Besides, this isn’t Mills’s first WTF moment. A few hours earlier, on talkSport, he said that if Wayne Rooney, who’ll join Derby in January, is “that desperate to come back” to the UK, he should do so now. As for leaving a club mid-season, Mills has that covered: “I think DC United are sort of mid-table. It’s not like they’re going to win the championship.” DC United are 4th. New York City FC have games in hand and so DC’s position is under threat, but, right now, Rooney’s team are in place to qualify for the MLS Cup play-offs and perhaps ultimately win the cup itself – or ‘the championship’, if you like. They can’t afford to drop out of those play-off places.

For Derby’s perspective, Mills mused: “For £100,000 a week in the Championship, I think you can get an awful lot better than that – and, probably, Wayne Rooney is a little better than the Championship.” Read that back. Now read it again. And one more time. Are you seeing strange shapes behind your eyelids? That’s because Mills is playing a sort of 4D chess in which Derby could have signed somebody an awful lot better than a player who’s better than the division.

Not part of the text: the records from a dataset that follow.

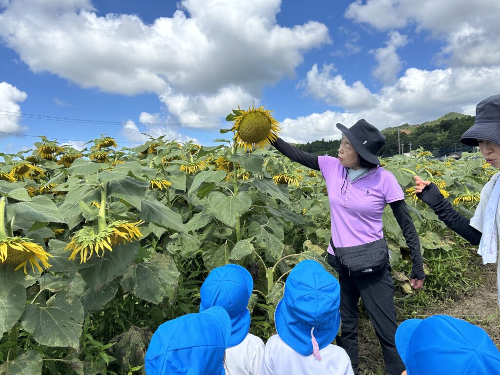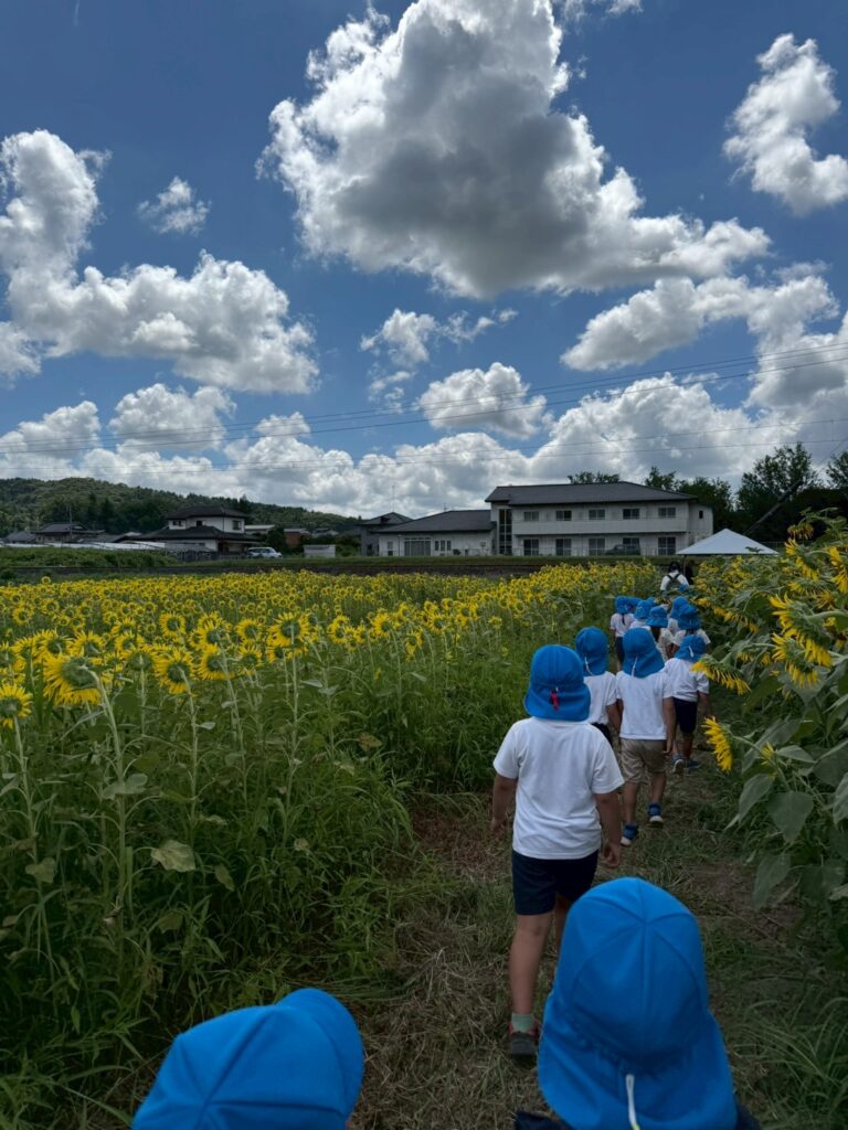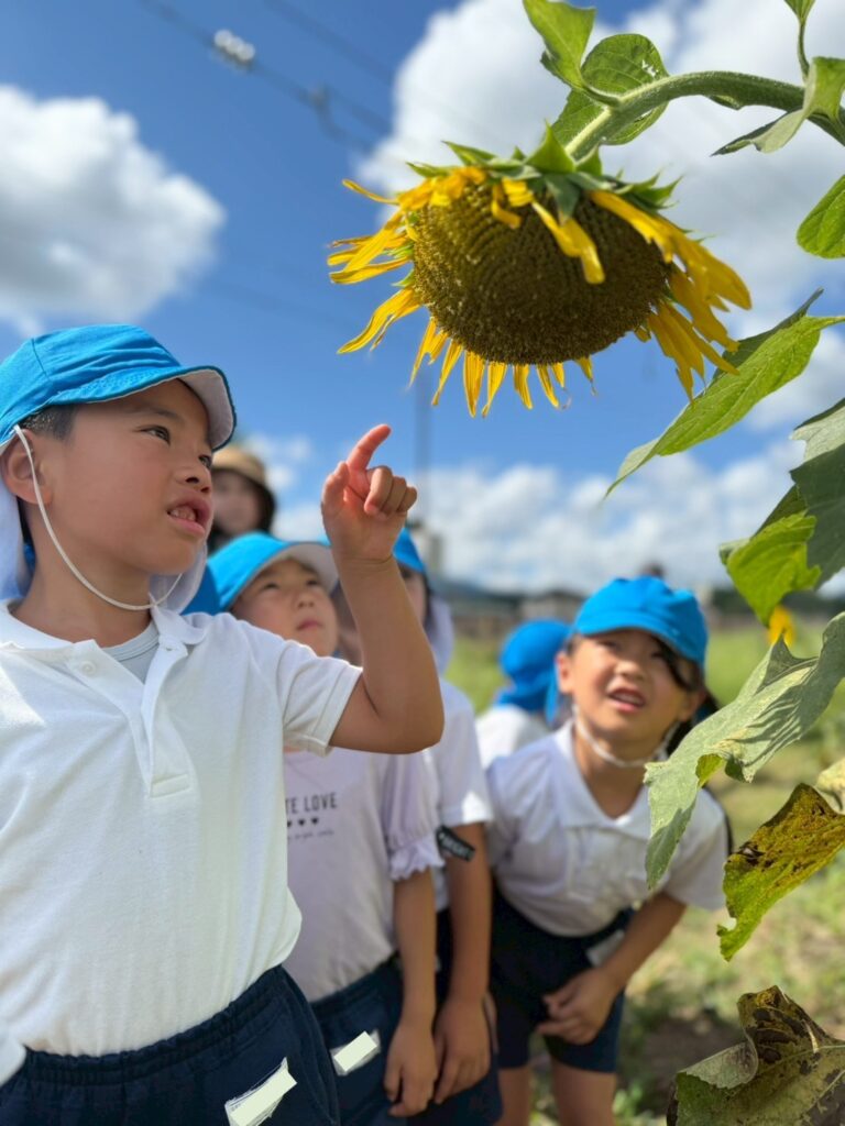 みんなはどこにいるでしょうか🔍(笑)子どもたちの背丈ほどあるひまわりが、たくさん咲いていますね!
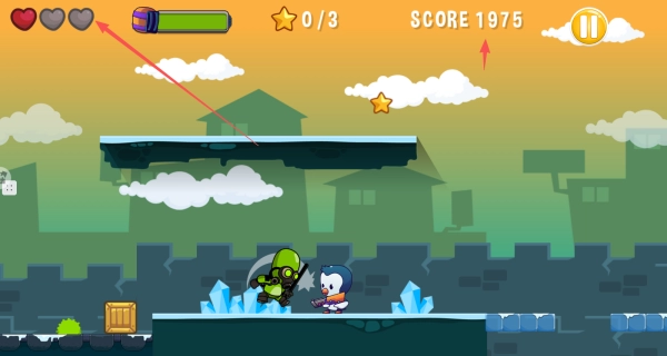 进入游戏后,先熟悉操控逻辑:左侧按钮负责控制企鹅左右移动,右侧的两个按钮则分别对应跳跃和攻击功能。
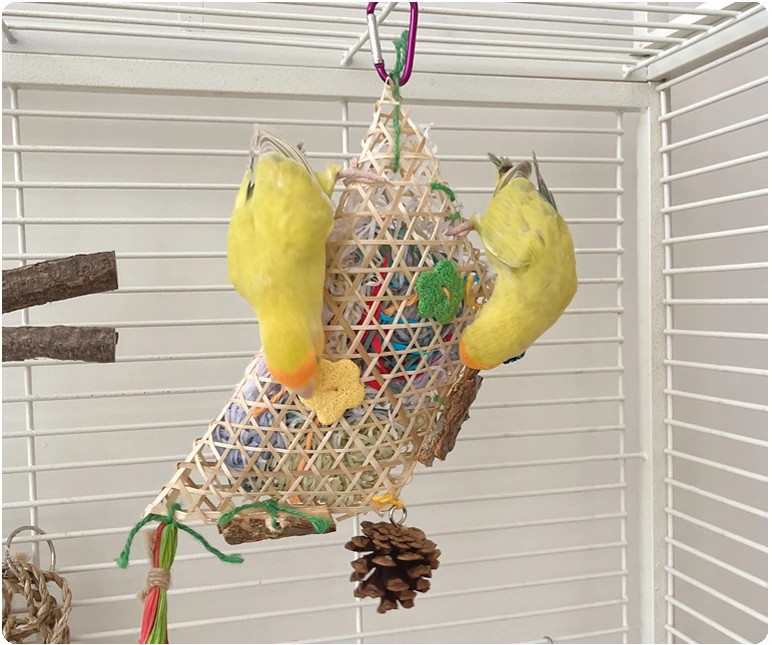 SAFE CHEWING: The bird foraging toys have a bamboo frame with colored edible shredded paper, natural wood pieces and soft thick cotton rope for the birds to chew. Note: When the shredded paper is consumed, you can cut 2 ties and stuff a new pack of shredded paper.
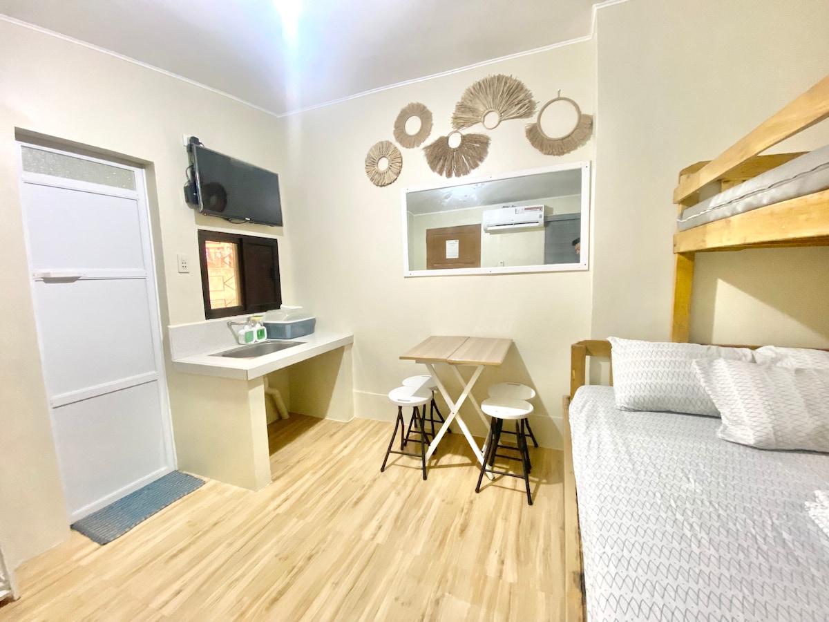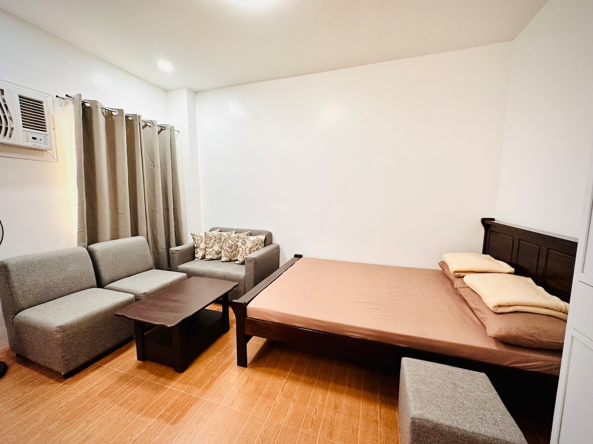 A secured and homey studio type unit is located at the 1st level of the apartment building. The main gate uses an RFID system and CCTV cameras for security purposes. You can enjoy all of its amenities such as air conditioning, dining/living area, cable TV, WiFi, a kitchenette w/ fridge, cooking appliances & a king-size bed. There is also an en-suite with a hot/cold shower for your convenience.
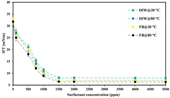 The CMC measurement in this study was performed using two conventional tests, including IFT and contact angle measurements. Figure 11 indicates the IFT of crude oil and PS green surfactant prepared in DIW and FB at 30 and 80 °C. This figure shows that the IFT value declined quickly from its initial state to 1500 ppm. Raising the surfactant concentration to 5000 ppm had little influence on the IFT value independent of solution type and temperature. Therefore, the CMC point of the PS green surfactant is 1500 ppm.

There are many #MillsMoments. There’s the time he said Spurs drew too many games – specifically two, from 38. The time he said he dislikes left-footed penalty-takers. The time he said Mauricio Pochettino played Dele Alli in a cup game because he wanted him to pick up an injury and miss international duty. The time he suggested Kieran Trippier playing for Atletico Madrid might mean he's in danger of "slipping off the radar" when it comes to England. None of this was based in reality. Meanwhile, representing the FA, Mills once advocated a cap on overseas players in academies because it’d force clubs to scout locally, then held up Kevin Davies’s son in Bolton’s academy as a positive example with the words: “He’s not particularly good enough, but Kevin’s used his influence to get him in there.”

Room for one more? When the UEFA Nations League draw was made, Sky Sports drafted in Mills to discuss the new competition. He revealed – even revelled in the fact – that he didn’t know the purpose, the setup, or basically what was going on. Would players want to lose games so that they didn’t have to play two extra fixtures, namely the Nations League Finals? (No, because they’d have different fixtures instead.) Would you usually have friendlies after the season ends? (Yes, every non-tournament year.) How do you get relegated? You tell us, Danny. “I’m just asking questions the viewers want to know,” declared the man paid to answer them.

Look, we don’t get everything right. We do, however, try to back up statements with evidence or thinking of some kind. All of our counter-arguments above came from the most basic of knowledge acquired from either watching matches, reading up on events or, in the case of DC United's position, taking even the briefest amount of time to fact-check a claim. Danny Mills isn’t a bad guy, and his off-field commitments, including admirable causes, makes him a busy man. But if he’s too busy to watch football, then he probably shouldn’t be a pundit.